20) At some point I might have more to say about a particular sparring partner, so to speak.
But you know, glass houses. So for now, all I'll say is:
well played; you won.
— SBF (@SBF_FTX) November 10, 2022
Reuters’ Thursday report also fleshed out what we know about why SBF and CZ went from business partners to mortal enemies. The falling out began in May 2021, when FTX was seeking a license to operate in Gibraltar. Pressed by local regulators to submit information on FTX’s major shareholders – Binance originally held a one-fifth stake in FTX—SBF beseeched CZ for cooperation but received only silence.
In a three-month span, FTX attorneys sent “at least 20” requests for assistance on the sources of CZ’s wealth and details on Binance’s ownership structure. When an FTX lawyer complained to Binance’s CFO that Binance’s failure to engage was “severely disrupting an important project for us,” a Binance lawyer responded by saying FTX was out of luck because the requested information was “too general.”
His patience exhausted, SBF bought out CZ’s stake in FTX to the tune of $2.1 billion, and Gibraltar regulators approved FTX’s license two months later. But SBF went on to badmouth CZ/Binance in the press, which apparently stoked CZ’s desire for payback. And here we are.

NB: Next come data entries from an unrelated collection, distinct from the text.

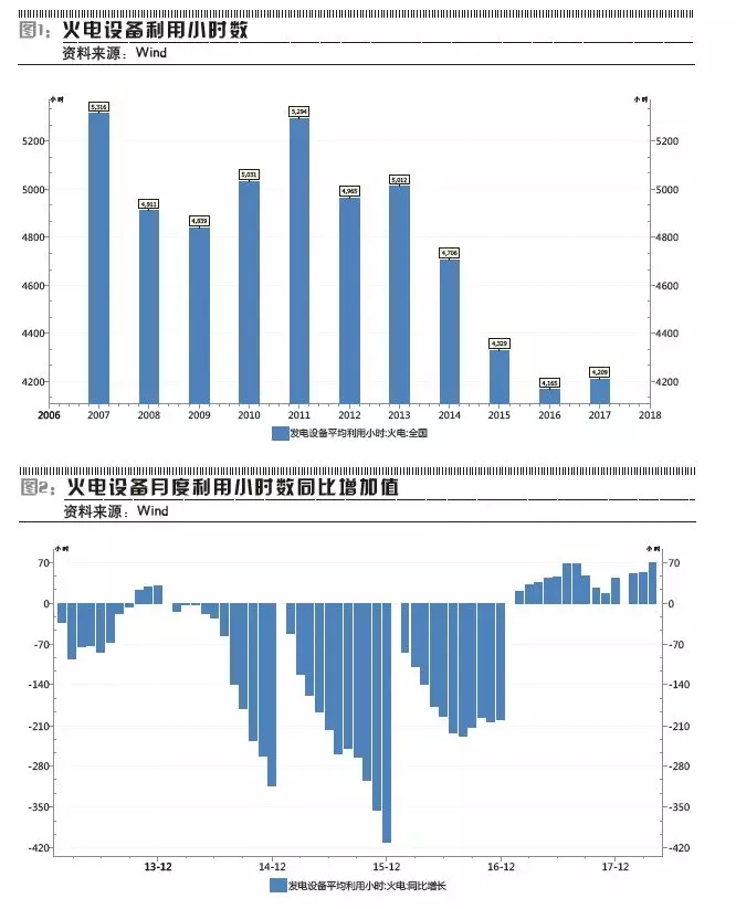 供需關(guān)系的此消彼長,使火電設(shè)備利用小時數(shù),終于在2017年結(jié)束了長達5年的下滑態(tài)勢,開始見底回升。2017年,火電設(shè)備利用小時數(shù)相比2016年增加了44個小時。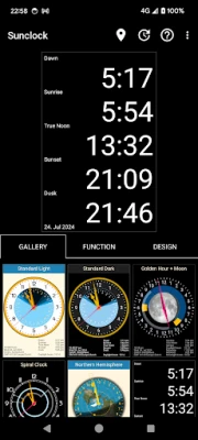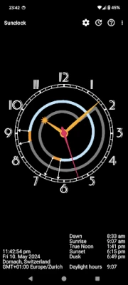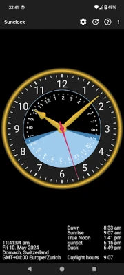 Sunclock je napredni astronomski sat koji prikazuje ne samo civilno vrijeme, već i precizna vremena izlaska i zalaska sunca te sve faze sumraka. Osigurava vam potpun i točan uvid u prirodni tijek dana.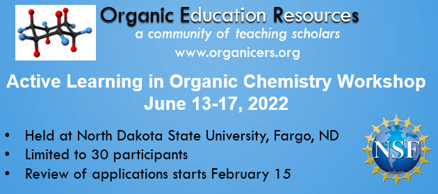 Applications are now open for the 2022 Active Learning in Organic Chemistry Workshop. This year our workshop will be back in person, at North Dakota State University in Fargo, ND from June 13 through 17. Enrollment in this workshop will be limited to 30 participants to promote collaborative activities and community building for a diverse group of faculty. Experienced members of the OrganicERs Leadership Board will introduce and facilitate implementation of evidence-based instructional methods. You are encouraged to apply. You can find more information about the workshop and the application form at https://forms.gle/P6MVGpLcw8ePVWeVA

This ongoing debacle prompted even the White House to weigh in with its opinion Thursday. Press secretary Karine Jean-Pierre warned that “without proper oversight of cryptocurrencies, they risk harming everyday Americans.” FTX’s implosion “underscores these concerns and highlights why prudent regulation of cryptocurrencies is indeed needed.”
Whether it’s CZ’s refusal to declare where exactly he or Binance call home, Tether’s unwillingness to submit to an audit, or SBF’s decision to spend customer funds propping up Alameda’s dodgy bets, the crypto community shares a genetic aversion to transparency coupled with a sense that the rules only apply to lesser mortals. Until it breeds these traits out of its DNA, ‘crypto’ will remain a joke—and a blatantly criminal one—in the eyes of everyone outside this space.